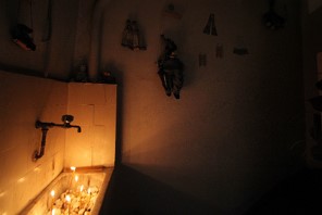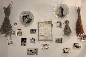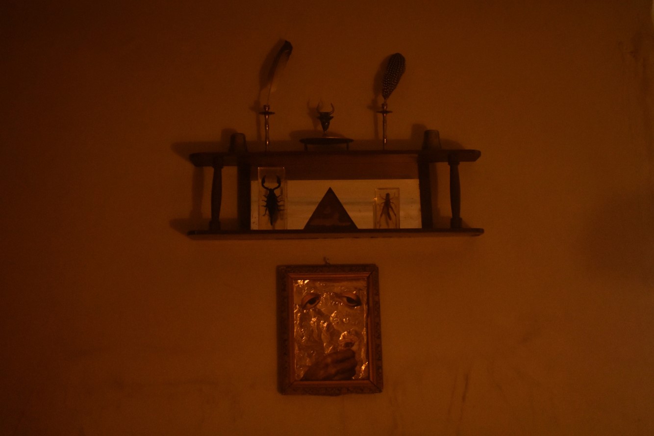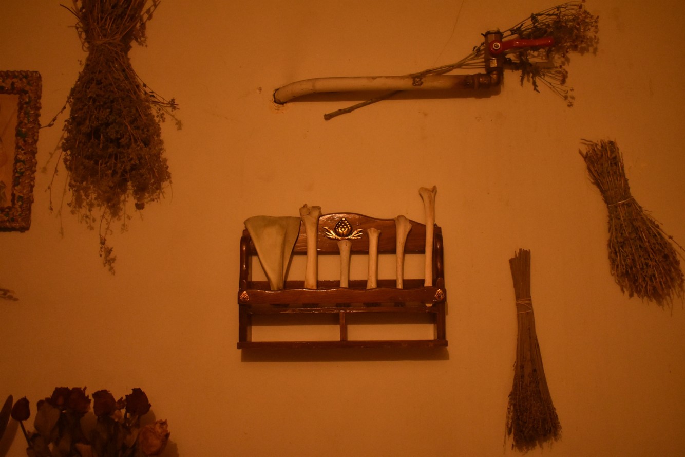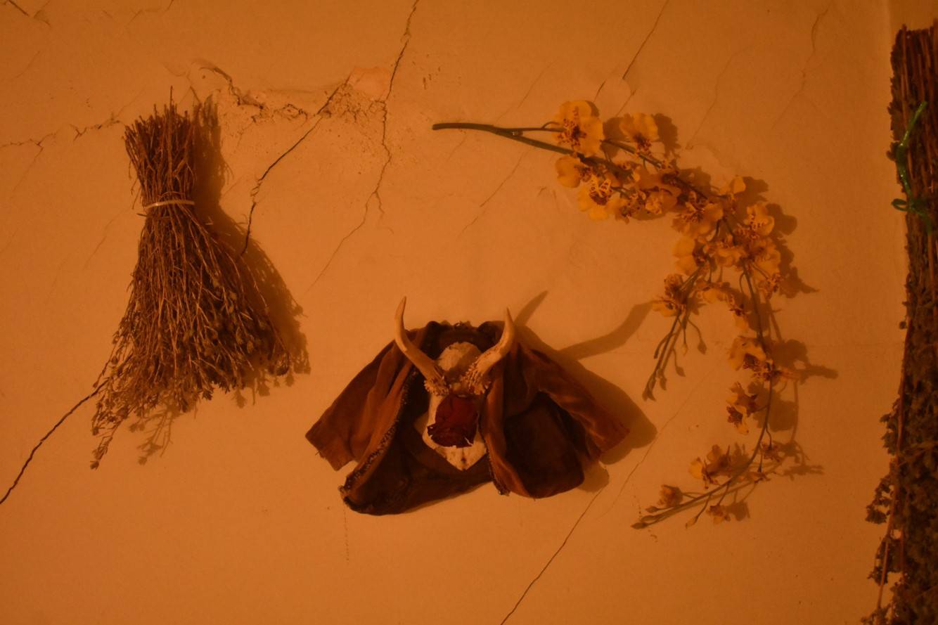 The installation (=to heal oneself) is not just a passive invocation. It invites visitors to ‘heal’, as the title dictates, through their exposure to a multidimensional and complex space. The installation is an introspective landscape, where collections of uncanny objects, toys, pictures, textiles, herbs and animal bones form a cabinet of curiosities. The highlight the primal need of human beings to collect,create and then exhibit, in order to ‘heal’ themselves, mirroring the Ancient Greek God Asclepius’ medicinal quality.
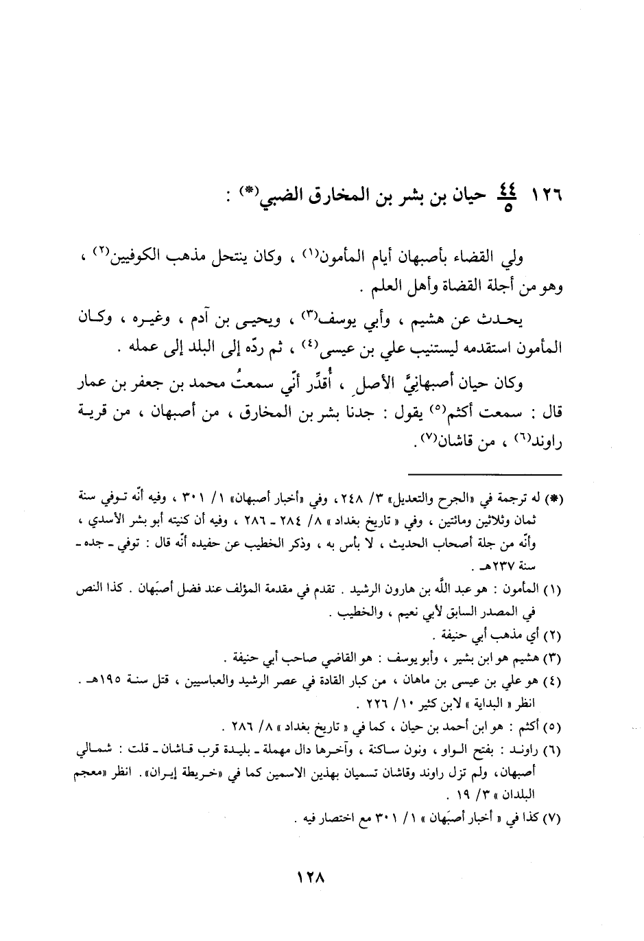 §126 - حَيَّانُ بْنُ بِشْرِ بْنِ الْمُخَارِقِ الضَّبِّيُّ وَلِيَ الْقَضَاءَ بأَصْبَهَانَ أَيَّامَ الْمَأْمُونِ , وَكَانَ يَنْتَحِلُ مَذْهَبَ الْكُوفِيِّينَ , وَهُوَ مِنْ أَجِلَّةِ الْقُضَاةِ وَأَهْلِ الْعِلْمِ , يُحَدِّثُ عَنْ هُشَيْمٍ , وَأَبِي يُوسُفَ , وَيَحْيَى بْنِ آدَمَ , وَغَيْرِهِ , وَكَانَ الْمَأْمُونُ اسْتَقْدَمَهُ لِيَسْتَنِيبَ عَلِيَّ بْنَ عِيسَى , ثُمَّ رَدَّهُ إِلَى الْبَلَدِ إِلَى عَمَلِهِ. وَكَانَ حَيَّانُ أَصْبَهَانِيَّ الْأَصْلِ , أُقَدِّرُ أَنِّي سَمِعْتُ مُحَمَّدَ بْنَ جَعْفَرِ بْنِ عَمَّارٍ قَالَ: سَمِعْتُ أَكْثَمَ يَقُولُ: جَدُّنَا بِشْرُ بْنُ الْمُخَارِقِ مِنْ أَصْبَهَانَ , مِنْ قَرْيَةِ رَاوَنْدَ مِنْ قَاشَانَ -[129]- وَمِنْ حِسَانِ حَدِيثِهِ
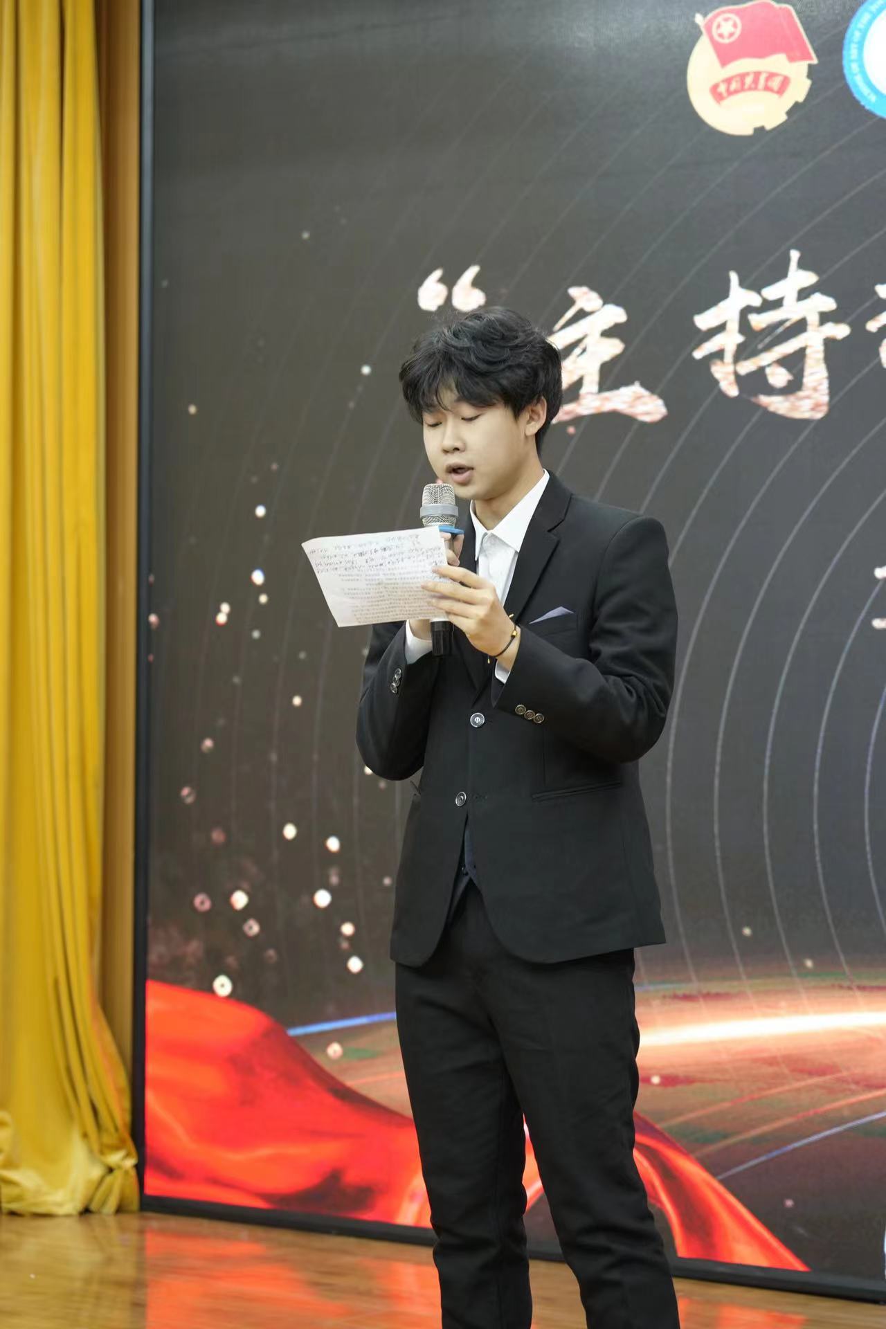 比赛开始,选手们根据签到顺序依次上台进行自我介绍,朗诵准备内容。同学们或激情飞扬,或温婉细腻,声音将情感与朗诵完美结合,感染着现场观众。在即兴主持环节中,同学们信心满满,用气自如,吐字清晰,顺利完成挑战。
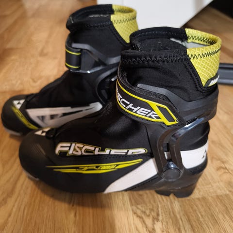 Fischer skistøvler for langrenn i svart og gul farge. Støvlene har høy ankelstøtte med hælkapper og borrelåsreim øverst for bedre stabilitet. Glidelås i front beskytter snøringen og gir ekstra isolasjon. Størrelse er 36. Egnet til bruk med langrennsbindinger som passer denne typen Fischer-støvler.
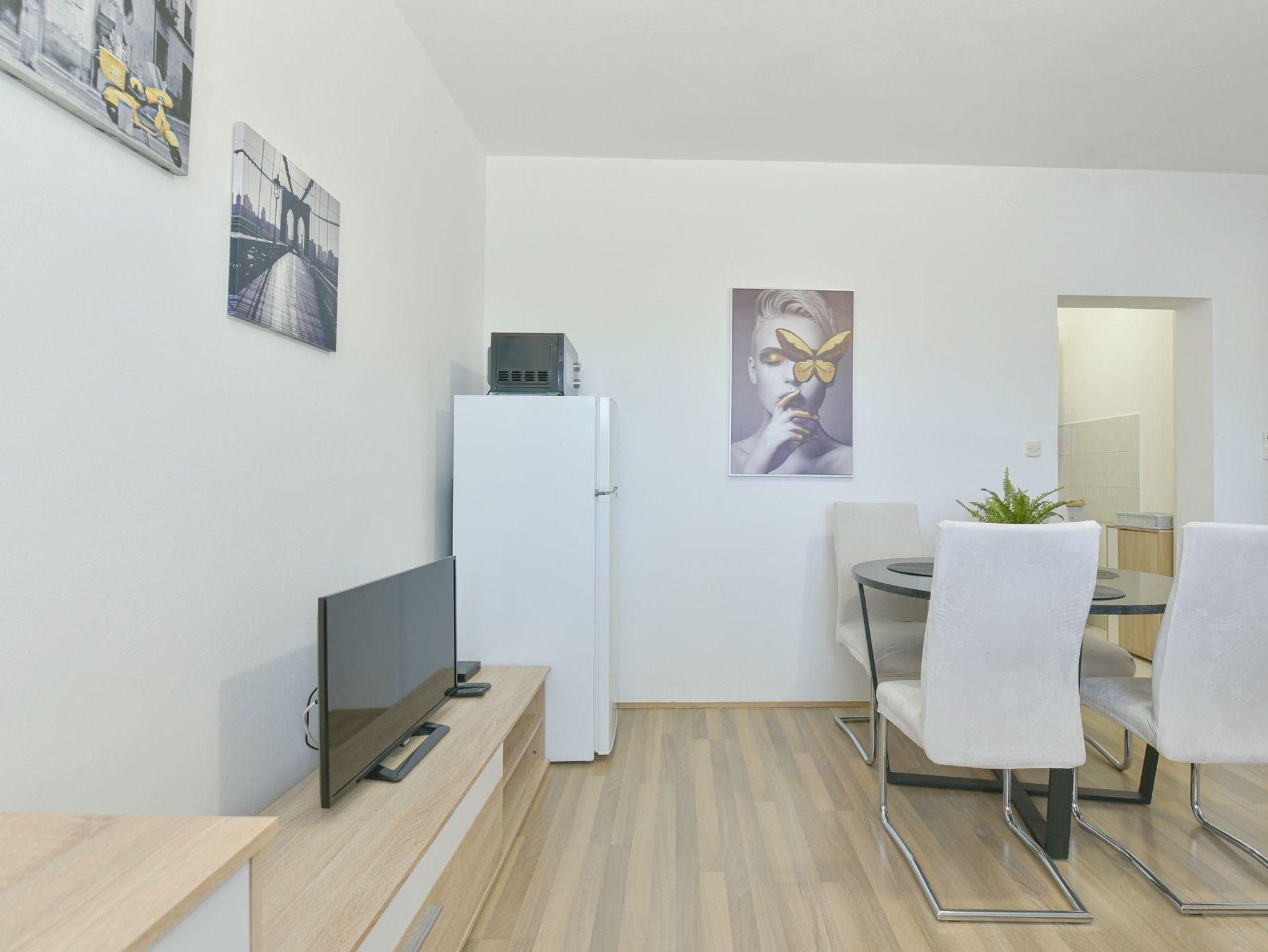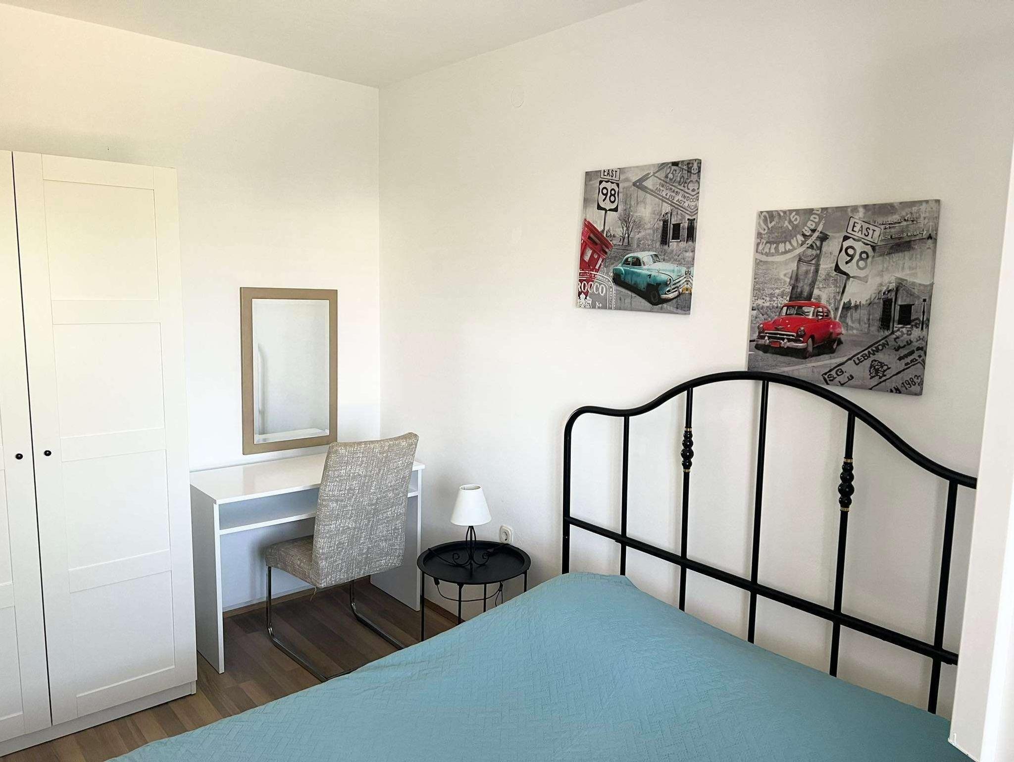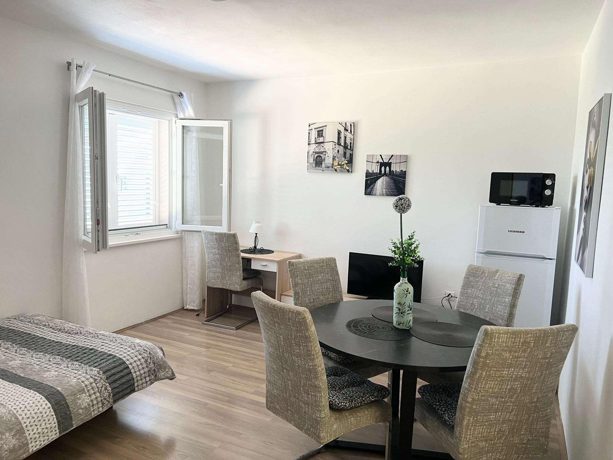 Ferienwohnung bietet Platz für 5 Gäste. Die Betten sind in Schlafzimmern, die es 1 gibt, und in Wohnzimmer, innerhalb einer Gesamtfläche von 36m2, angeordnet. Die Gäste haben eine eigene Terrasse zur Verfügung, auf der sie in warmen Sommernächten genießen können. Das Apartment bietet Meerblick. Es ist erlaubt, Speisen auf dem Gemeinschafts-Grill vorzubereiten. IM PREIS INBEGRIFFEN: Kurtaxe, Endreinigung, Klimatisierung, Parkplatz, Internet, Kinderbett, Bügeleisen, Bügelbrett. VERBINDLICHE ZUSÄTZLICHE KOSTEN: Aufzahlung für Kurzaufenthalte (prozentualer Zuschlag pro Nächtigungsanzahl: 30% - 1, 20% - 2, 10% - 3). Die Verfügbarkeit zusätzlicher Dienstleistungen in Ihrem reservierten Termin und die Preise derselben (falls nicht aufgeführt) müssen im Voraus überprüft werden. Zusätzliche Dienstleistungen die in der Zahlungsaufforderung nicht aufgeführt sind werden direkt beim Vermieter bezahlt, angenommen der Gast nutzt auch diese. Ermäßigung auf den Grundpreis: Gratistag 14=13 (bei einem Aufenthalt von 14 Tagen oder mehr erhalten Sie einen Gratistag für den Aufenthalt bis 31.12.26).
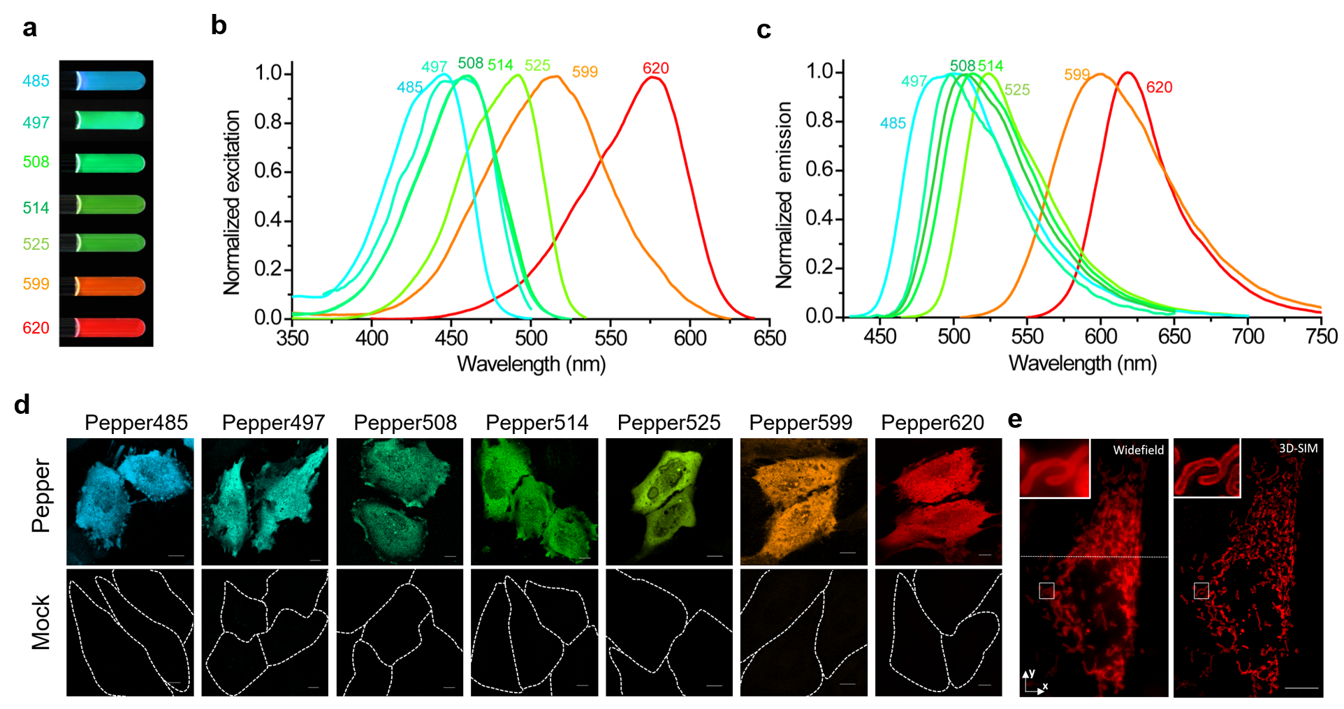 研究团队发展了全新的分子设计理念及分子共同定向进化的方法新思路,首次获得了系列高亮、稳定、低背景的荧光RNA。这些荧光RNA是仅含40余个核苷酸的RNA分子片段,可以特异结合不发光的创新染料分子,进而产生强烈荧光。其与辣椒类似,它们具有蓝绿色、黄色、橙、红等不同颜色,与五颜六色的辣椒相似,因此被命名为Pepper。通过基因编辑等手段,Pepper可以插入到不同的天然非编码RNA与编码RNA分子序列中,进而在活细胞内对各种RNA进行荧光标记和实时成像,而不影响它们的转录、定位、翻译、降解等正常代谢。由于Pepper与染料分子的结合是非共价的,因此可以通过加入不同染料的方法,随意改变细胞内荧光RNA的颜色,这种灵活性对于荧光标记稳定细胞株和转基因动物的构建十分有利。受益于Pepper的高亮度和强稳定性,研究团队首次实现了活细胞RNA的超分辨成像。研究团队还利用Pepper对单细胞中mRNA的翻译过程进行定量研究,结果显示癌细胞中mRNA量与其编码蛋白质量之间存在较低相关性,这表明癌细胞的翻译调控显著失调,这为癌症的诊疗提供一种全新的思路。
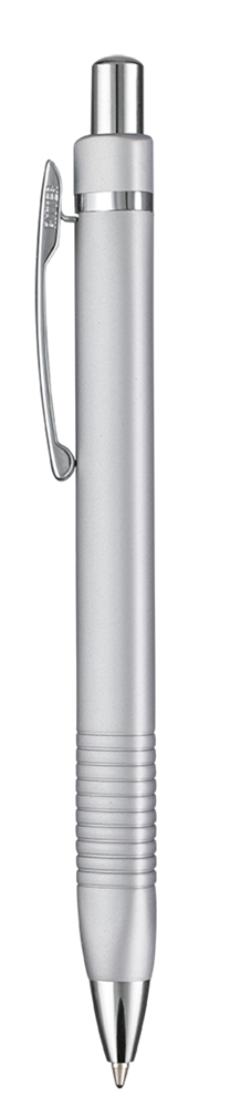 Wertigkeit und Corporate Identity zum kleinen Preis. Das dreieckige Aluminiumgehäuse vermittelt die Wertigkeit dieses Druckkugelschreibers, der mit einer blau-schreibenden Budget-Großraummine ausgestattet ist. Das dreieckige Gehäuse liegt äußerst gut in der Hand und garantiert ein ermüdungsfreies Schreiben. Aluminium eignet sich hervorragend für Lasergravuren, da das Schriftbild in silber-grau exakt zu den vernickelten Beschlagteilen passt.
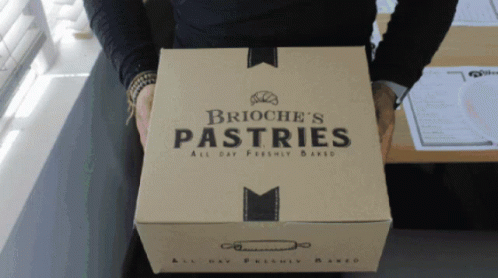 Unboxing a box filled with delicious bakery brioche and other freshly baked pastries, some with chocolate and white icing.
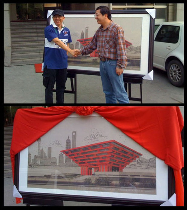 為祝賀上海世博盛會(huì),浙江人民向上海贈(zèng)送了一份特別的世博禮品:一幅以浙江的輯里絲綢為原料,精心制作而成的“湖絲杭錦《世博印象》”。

_Try it_
Without including any picture, copy the listing above exactly and in full.

_Response to the task_
 The installation (=to heal oneself) is not just a passive invocation. It invites visitors to ‘heal’, as the title dictates, through their exposure to a multidimensional and complex space. The installation is an introspective landscape, where collections of uncanny objects, toys, pictures, textiles, herbs and animal bones form a cabinet of curiosities. The highlight the primal need of human beings to collect,create and then exhibit, in order to ‘heal’ themselves, mirroring the Ancient Greek God Asclepius’ medicinal quality.
 §126 - حَيَّانُ بْنُ بِشْرِ بْنِ الْمُخَارِقِ الضَّبِّيُّ وَلِيَ الْقَضَاءَ بأَصْبَهَانَ أَيَّامَ الْمَأْمُونِ , وَكَانَ يَنْتَحِلُ مَذْهَبَ الْكُوفِيِّينَ , وَهُوَ مِنْ أَجِلَّةِ الْقُضَاةِ وَأَهْلِ الْعِلْمِ , يُحَدِّثُ عَنْ هُشَيْمٍ , وَأَبِي يُوسُفَ , وَيَحْيَى بْنِ آدَمَ , وَغَيْرِهِ , وَكَانَ الْمَأْمُونُ اسْتَقْدَمَهُ لِيَسْتَنِيبَ عَلِيَّ بْنَ عِيسَى , ثُمَّ رَدَّهُ إِلَى الْبَلَدِ إِلَى عَمَلِهِ. وَكَانَ حَيَّانُ أَصْبَهَانِيَّ الْأَصْلِ , أُقَدِّرُ أَنِّي سَمِعْتُ مُحَمَّدَ بْنَ جَعْفَرِ بْنِ عَمَّارٍ قَالَ: سَمِعْتُ أَكْثَمَ يَقُولُ: جَدُّنَا بِشْرُ بْنُ الْمُخَارِقِ مِنْ أَصْبَهَانَ , مِنْ قَرْيَةِ رَاوَنْدَ مِنْ قَاشَانَ -[129]- وَمِنْ حِسَانِ حَدِيثِهِ
 比赛开始,选手们根据签到顺序依次上台进行自我介绍,朗诵准备内容。同学们或激情飞扬,或温婉细腻,声音将情感与朗诵完美结合,感染着现场观众。在即兴主持环节中,同学们信心满满,用气自如,吐字清晰,顺利完成挑战。
 Fischer skistøvler for langrenn i svart og gul farge. Støvlene har høy ankelstøtte med hælkapper og borrelåsreim øverst for bedre stabilitet. Glidelås i front beskytter snøringen og gir ekstra isolasjon. Størrelse er 36. Egnet til bruk med langrennsbindinger som passer denne typen Fischer-støvler.
 Ferienwohnung bietet Platz für 5 Gäste. Die Betten sind in Schlafzimmern, die es 1 gibt, und in Wohnzimmer, innerhalb einer Gesamtfläche von 36m2, angeordnet. Die Gäste haben eine eigene Terrasse zur Verfügung, auf der sie in warmen Sommernächten genießen können. Das Apartment bietet Meerblick. Es ist erlaubt, Speisen auf dem Gemeinschafts-Grill vorzubereiten. IM PREIS INBEGRIFFEN: Kurtaxe, Endreinigung, Klimatisierung, Parkplatz, Internet, Kinderbett, Bügeleisen, Bügelbrett. VERBINDLICHE ZUSÄTZLICHE KOSTEN: Aufzahlung für Kurzaufenthalte (prozentualer Zuschlag pro Nächtigungsanzahl: 30% - 1, 20% - 2, 10% - 3). Die Verfügbarkeit zusätzlicher Dienstleistungen in Ihrem reservierten Termin und die Preise derselben (falls nicht aufgeführt) müssen im Voraus überprüft werden. Zusätzliche Dienstleistungen die in der Zahlungsaufforderung nicht aufgeführt sind werden direkt beim Vermieter bezahlt, angenommen der Gast nutzt auch diese. Ermäßigung auf den Grundpreis: Gratistag 14=13 (bei einem Aufenthalt von 14 Tagen oder mehr erhalten Sie einen Gratistag für den Aufenthalt bis 31.12.26).
 研究团队发展了全新的分子设计理念及分子共同定向进化的方法新思路,首次获得了系列高亮、稳定、低背景的荧光RNA。这些荧光RNA是仅含40余个核苷酸的RNA分子片段,可以特异结合不发光的创新染料分子,进而产生强烈荧光。其与辣椒类似,它们具有蓝绿色、黄色、橙、红等不同颜色,与五颜六色的辣椒相似,因此被命名为Pepper。通过基因编辑等手段,Pepper可以插入到不同的天然非编码RNA与编码RNA分子序列中,进而在活细胞内对各种RNA进行荧光标记和实时成像,而不影响它们的转录、定位、翻译、降解等正常代谢。由于Pepper与染料分子的结合是非共价的,因此可以通过加入不同染料的方法,随意改变细胞内荧光RNA的颜色,这种灵活性对于荧光标记稳定细胞株和转基因动物的构建十分有利。受益于Pepper的高亮度和强稳定性,研究团队首次实现了活细胞RNA的超分辨成像。研究团队还利用Pepper对单细胞中mRNA的翻译过程进行定量研究,结果显示癌细胞中mRNA量与其编码蛋白质量之间存在较低相关性,这表明癌细胞的翻译调控显著失调,这为癌症的诊疗提供一种全新的思路。
 Wertigkeit und Corporate Identity zum kleinen Preis. Das dreieckige Aluminiumgehäuse vermittelt die Wertigkeit dieses Druckkugelschreibers, der mit einer blau-schreibenden Budget-Großraummine ausgestattet ist. Das dreieckige Gehäuse liegt äußerst gut in der Hand und garantiert ein ermüdungsfreies Schreiben. Aluminium eignet sich hervorragend für Lasergravuren, da das Schriftbild in silber-grau exakt zu den vernickelten Beschlagteilen passt.
 Unboxing a box filled with delicious bakery brioche and other freshly baked pastries, some with chocolate and white icing.
 為祝賀上海世博盛會(huì),浙江人民向上海贈(zèng)送了一份特別的世博禮品:一幅以浙江的輯里絲綢為原料,精心制作而成的“湖絲杭錦《世博印象》”。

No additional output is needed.